Burkina Faso : face à l'escalade de la violence, une résilience communautaire

avril 28, 2021

Un conflit violent de plus en plus intense au Sahel perturbe la cohésion sociale au Burkina Faso. Selon une nouvelle étude réalisée par Interpeace, il existe cependant des signes témoignant de la résilience individuelle et communautaire dans ce contexte. Toutefois, des défis liés aux problèmes structurels et cycliques à l'origine du conflit persistent, renforçant la vulnérabilité des populations face à ces violences.

C’est dans ce contexte qu’’Interpeace Burkina Faso propose des recommandations pour améliorer la situation dans son nouveau rapport. Les Burkinabè eux-mêmes ont joué un rôle-clé dans la définition de ces propositions pour construire une paix durable. Le rapport sera lancé ce jeudi 29 avril 2021 à Ouagadougou. Suite à la recherche inclusive et participative menée dans les 13 régions administratives du pays, il présente une analyse approfondie des causes sous-jacentes des conflits dans le pays et des opportunités existantes de résilience. Le rapport a aussi proposé des recommandations qui, pour la première fois, ont établi une feuille de route concrète pour renforcer la cohésion sociale et construire une paix durable.

“Ce rapport est une contribution importante en matière d'information fournie au gouvernement, mais aussi d'élaboration d'une stratégie nationale de cohésion sociale. Il explique également aux partenaires au développement comment structurer et adapter leur soutien [si besoin] au Burkina Faso » dit Cheick Fayçal Traoré, représentant national d'Interpeace au Burkina Faso. « Il propose une feuille de route concrète qui, mise en œuvre, contribuera de manière significative à un retour à la paix ».

Selon le rapport, la mauvaise gouvernance, les inégalités d'accès aux opportunités existantes, l'émergence de groupes locaux d'autodéfense, les préjugés ethniques, la légitimité en déclin des autorités traditionnelles et certaines pratiques religieuses radicales ont perturbé la cohésion sociale et sont à l'origine de la perte de confiance entre certains citoyens et l’État.

Parmi certaines opportunités pour la résilience identifiées, figurent la culture de l'hospitalité qui existe encore dans la plupart des communautés burkinabè, les liens familiaux solides existants, les cadres de dialogue communautaire et interconfessionnel, les alliances entre différentes communautés et groupes ethniques, ainsi que la parenté à plaisanterie. La participation active des services techniques de l'État et des organisations de la société civile à la promotion de la cohésion sociale ainsi que le respect continu des citoyens envers les pouvoirs publics malgré le climat de défiance grandissante sont aussi des facteurs favorables à la résilience.

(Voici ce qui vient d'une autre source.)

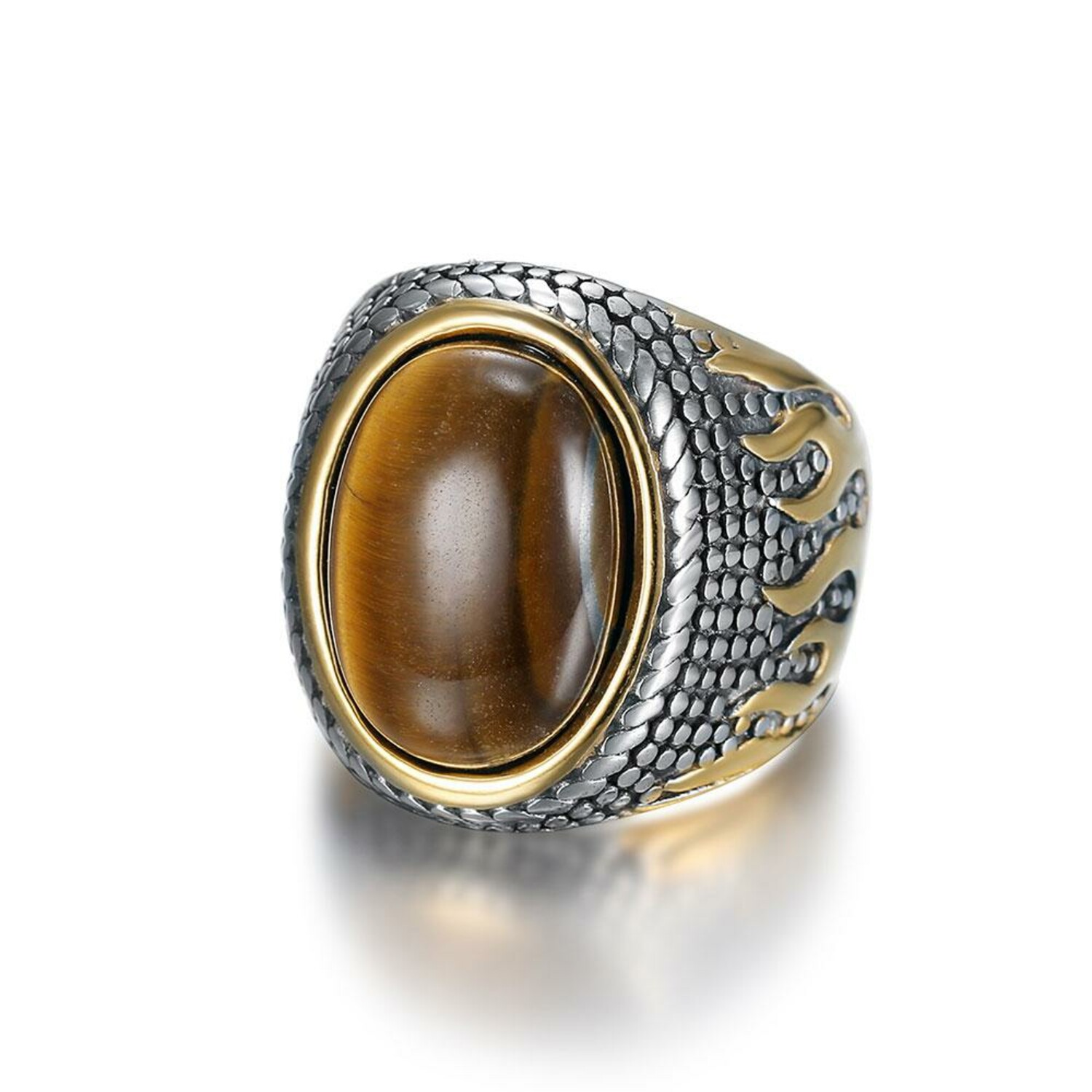 Vintage Tiger Eye Ring With Gold Flames // Silver

“Les moyens de renouveler le contrat social au Burkina Faso ont été étudiés dans ce rapport. Celui-ci donne une compréhension holistique et nuancée de la situation à l'échelle nationale en mettant en évidence les enjeux transversaux et toutes les spécificités, y compris locales, à traiter,” explique M. Traoré.

Research began before Covid-19 and continued through this pandemic period. This photo was taken early in 2020. Photo credit: Interpeace Burkina Faso

Grâce à ce rapport, une étape majeure dans la construction d'une paix durable a été franchie : la population, y compris les personnes directement touchées par l'insécurité, a joué le rôle principal dans la création d’une plateforme inclusive pour la recherche.

Cette étude menée par une équipe de chercheurs nationaux d'Interpeace Burkina Faso s'inscrit dans un projet de consolidation de la paix qui vise à jeter les bases solides d'une paix durable dans le pays à travers une analyse participative des facteurs de conflit et de résilience réalisée en consultation et collaboration avec les Burkinabè. Le projet est soutenu par le Royaume des Pays-Bas.

Au total, 538 personnes des 13 régions administratives du pays ont été associées à l’analyse participative. Les données de ce processus ont été complétées par une enquête quantitative auprès de plus de 2 300 personnes dans six régions du pays, notamment celles les plus touchées par l'insécurité.

Parmi les participants, il y avait entre autres des membres des différentes composantes de la société, des autorités gouvernementales, administratives, coutumières, des groupes communautaires et religieux, des femmes, des jeunes et des représentants de la société civile.

Les recommandations du rapport ont le potentiel de réduire les tensions croissantes, de prévenir la violence et de favoriser la cohésion sociale.